Monitoring Disease Progression
Recipients of ICD therapy commonly have heart failure, which is a dynamic condition. Factors that may potentially cause morbidity or decompensation can be detected early with HM and treated.15 For example, AF in heart failure patients may be associated with increased morbidity and mortality.16,17 This is likely to be multifactorial, involving an increased risk of heart failure and stroke and, possibly, facilitation of ventricular arrhythmias. AF may precipitate acute heart failure decompensation by adversely affecting ventricular haemodynamics. AF may be associated with periods of rapid conduction. This is important because the beneficial effect of cardiac resynchronisation therapy (CRT) may be reduced when pacing is diminished to <92%.18 Withdrawal of ventricular pacing in CRT defibrillators (CRT-Ds) is notified by HM (see Figure 4).
Clearly, a daily patient-monitoring system generating trend analysis automatically has the ability to notify clinicians to deviations from the baseline. Action taken on the basis of these notifications may have the ability to prevent hospitalisations.15,19 In the future, incorporation of sensor technology may provide sentinel notification of conditions, leading to decompensation and prompt pre-emptive therapy. This may form the basis of stand-alone implantable cardiac monitors.20–22 Remote monitoring provides the mechanism for accessing and delivering prioritised data collected by these increasingly sophisticated implantable units.

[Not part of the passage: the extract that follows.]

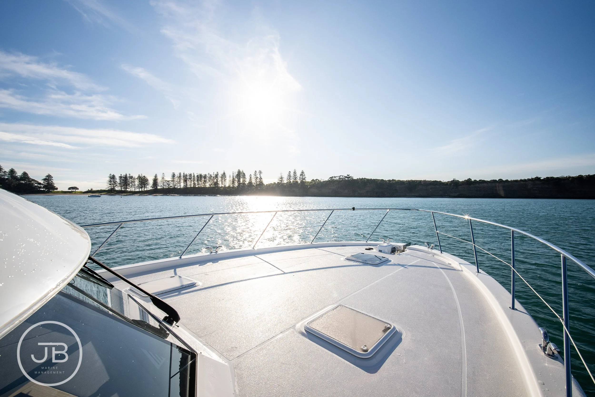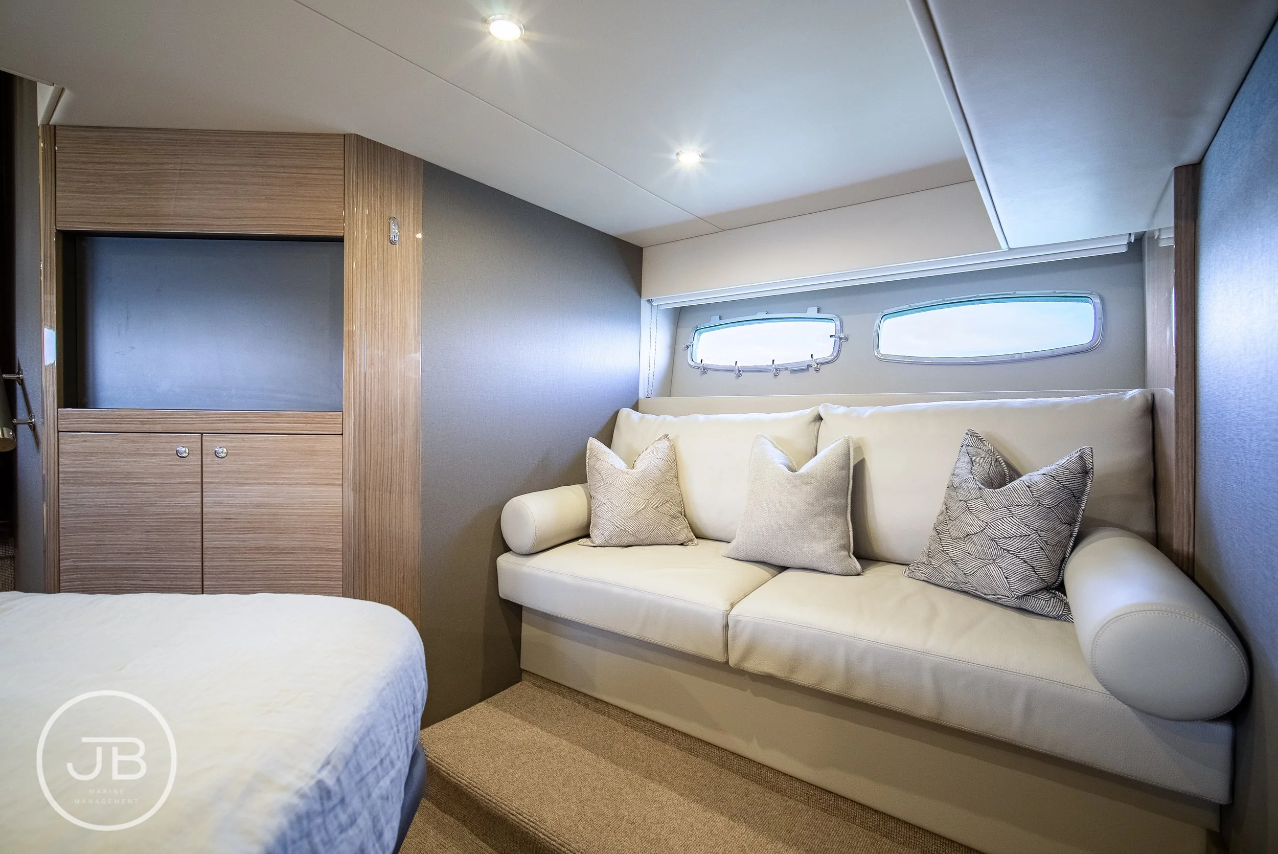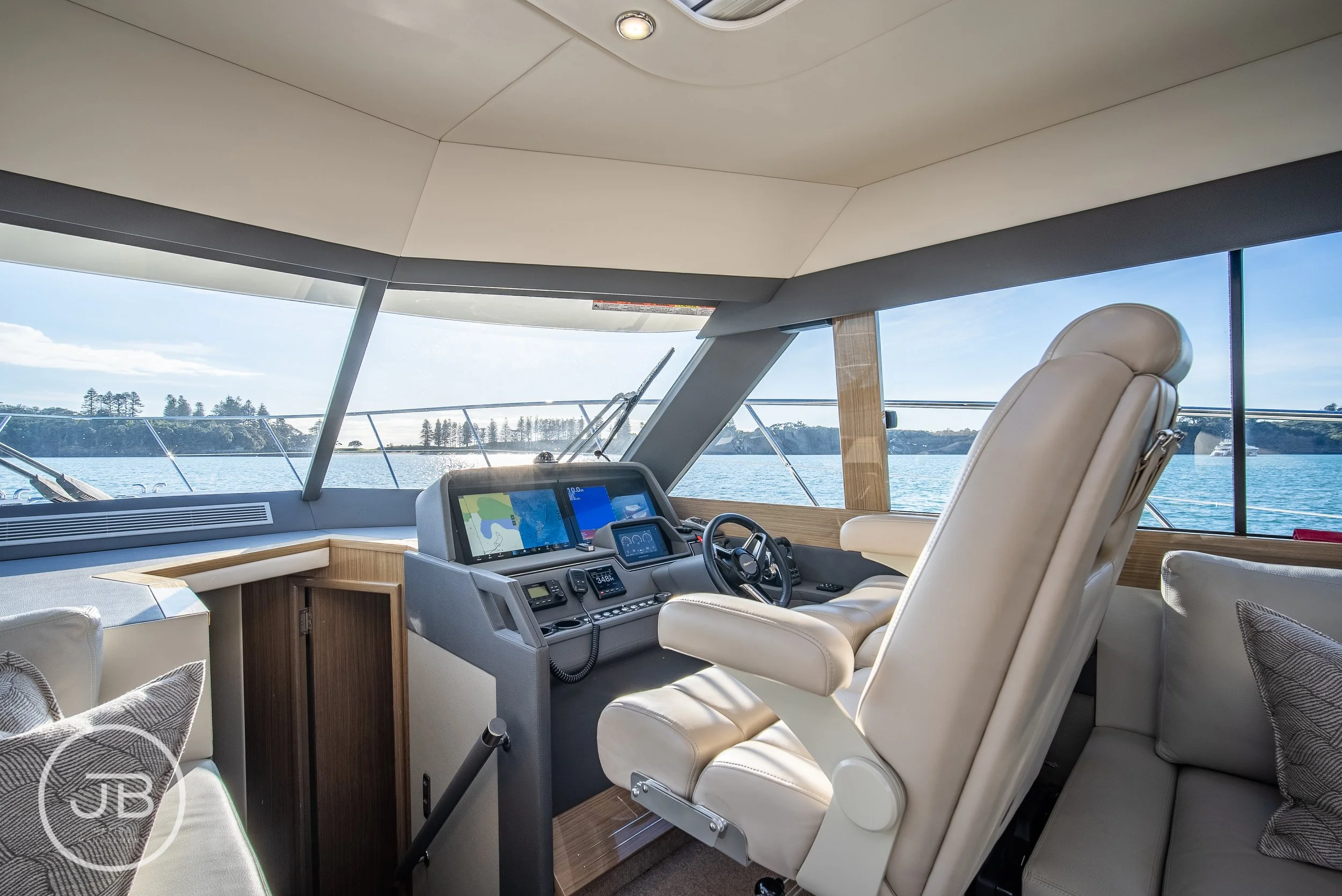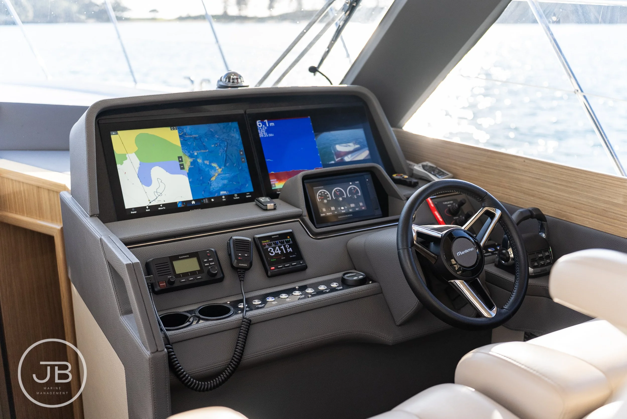 For effortless docking and maneuvering, this vessel also features a Yacht Controller, allowing remote control of the engines and thrusters—ideal for short-handed or solo handling. She has been meticulously maintained, with a full engine service completed in April 2025, including heat exchanger and full saltwater system service, and further care in July 2025 with antifoul, Propspeed, and a full polish.

In summary, automatic remote home monitoring fulfils the aims of post-implantation device management. TRUST presents a device-management model in which near continuous remote surveillance maintains the continuity of follow-up and combines with automatic self-declaration of problems, identifying the exceptional group of patients requiring in-clinic attention. Thus, unnecessary in-office follow-up is avoided and necessary face-to-face encounters facilitated. This reduces the clinic load for the physician, but permits earlier attention to actionable events. Patient safety and convenience are improved. Automatic data archiving provides a resource for monitoring system performance and disease progression. These characteristics have significant ramifications for implantable cardiac electronic devices in general, as well as for patient safety.